Project ideas from Hacker News discussions.

If AI writes code, should the session be part of the commit?

📝 Discussion Summary (Click to expand)

1. “Session logs are noisy, but some signal is worth keeping”
Many users argue that raw LLM transcripts are too much to read, yet the decision‑making they contain can help future debugging or training.

“The raw session noise — repeated clarifications, trial‑and‑error prompting, hallucinated APIs — probably isn’t worth preserving… but AI sessions contain one category of signal that almost never makes it into code or commit messages” – claud_ia

2. “Where to store the data matters – git notes vs. external stores”
Git notes are popular because they keep the log out of the main history, but some prefer a dedicated database or a separate folder.
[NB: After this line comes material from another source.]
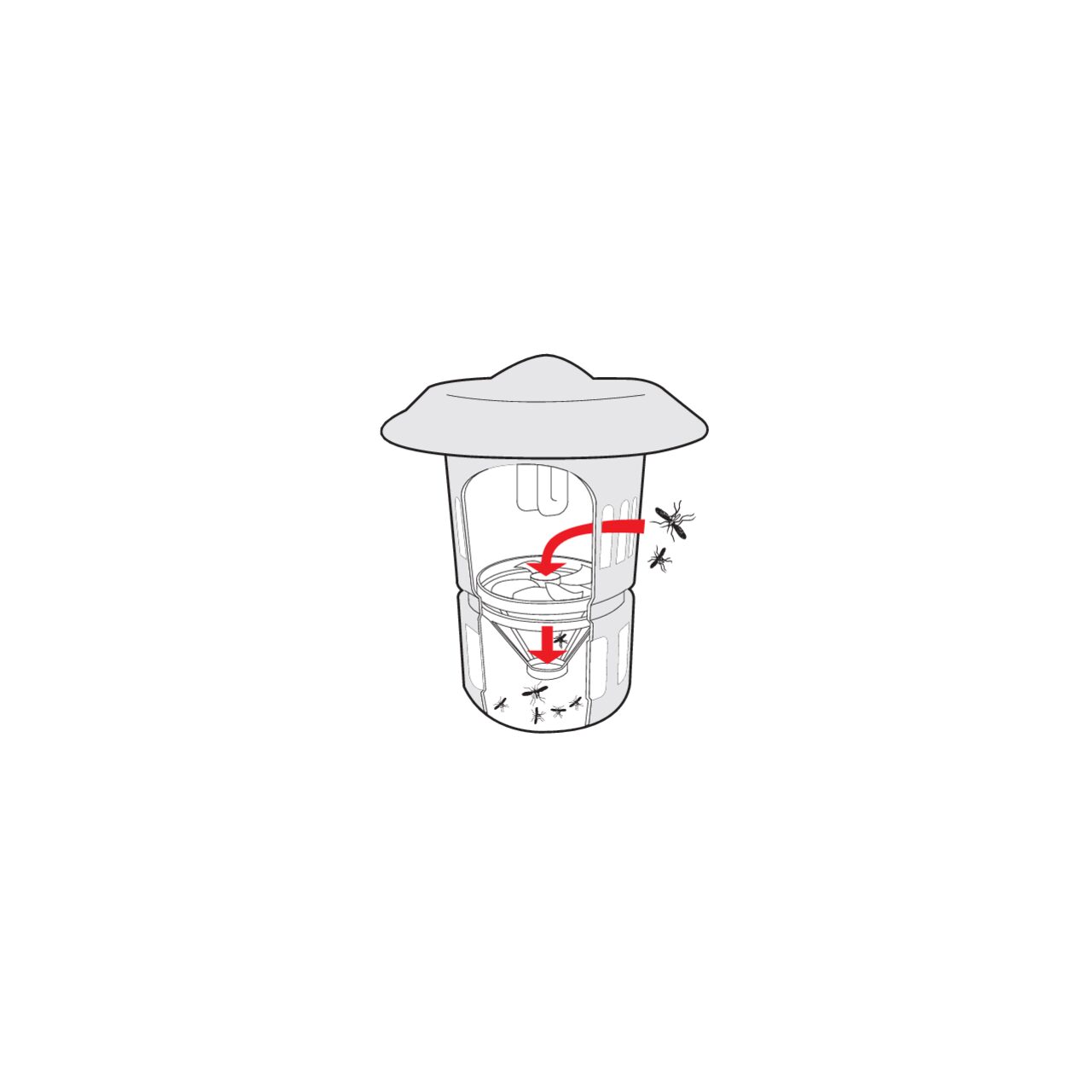 Tava de apă din jurul lămpii și scurgerea cu găuri în acoperiș colectează apa pentru a atrage și prinde larvele de țânțari chiar de la început. Clima umedă încurajează, de asemenea, țânțarii să intre, iar ventilatorul încorporat îi atrage înăuntru.

“It runs a commit and then stores a cleaned markdown conversation as a git note on the new commit” – mandel_x
“I keep a directory in the project called ‘prompts’ and an .md file for each topic/feature” – nomilk

3. “Summaries or ADRs are preferable to full transcripts”
The consensus is that a concise, human‑readable distillation (commit message, ADR, plan file) is more useful than the entire chat.
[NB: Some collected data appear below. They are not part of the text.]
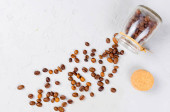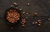 Surowe obrane orzeszki ziemne w misce brązowy ceramicznych na stary ciemne drewniane tła, Selektywny fokus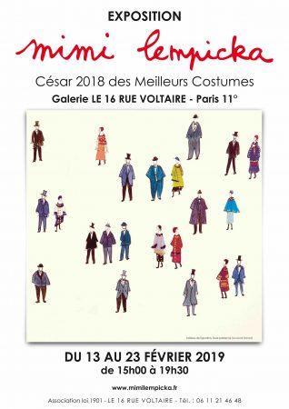 Fabienne KRIEGEL, ex-directrice générale des Editions du Chêne / EPA, à qui l’on doit la publication du livre : Les costumes font leur cinéma, exposera les dessins et maquettes des costumes créés par Mimi Lempicka, pour faire découvrir au grand public, le processus de création, à la galerie Le 16 Rue Voltaire à Paris, du 13 au 23 février 2019.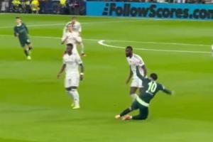 在一次攻防轉(zhuǎn)換回合中,謝爾基拿球先是晃過了巴爾韋德的鏟搶,隨后將球分出,然而回防的呂迪格一把將其撞倒在地,謝爾基躺在地上攤手一臉困惑。

“What actually helps is a good commit message explaining the intent… a one‑paragraph description of the goal and approach is worth more than a 200‑message session log” – yuvrajangads
“The raw session noise… not committing the full transcript, but having the agent synthesize a brief ADR at the close of each session” – claud_ia

4. “AI‑generated code changes the review/reproducibility landscape”
Because LLMs are non‑deterministic, reviewers need more context to judge intent and catch bugs, but many feel the code itself should still be the primary artifact.

“We still need to select for competent/incompetent prompters… if we don’t carefully document AI‑assisted coding sessions, how can we ever hope to improve our use of AI coding tools?” – D‑Machine
“The code is the artifact, a lot of which is incidental… the prompts contain the actual constraints” – claud_ia

5. “Cultural and ethical concerns – privacy, bot content, Show HN noise”
Some participants worry about exposing sensitive data, the flood of bot‑generated projects, and the need for transparency or moderation.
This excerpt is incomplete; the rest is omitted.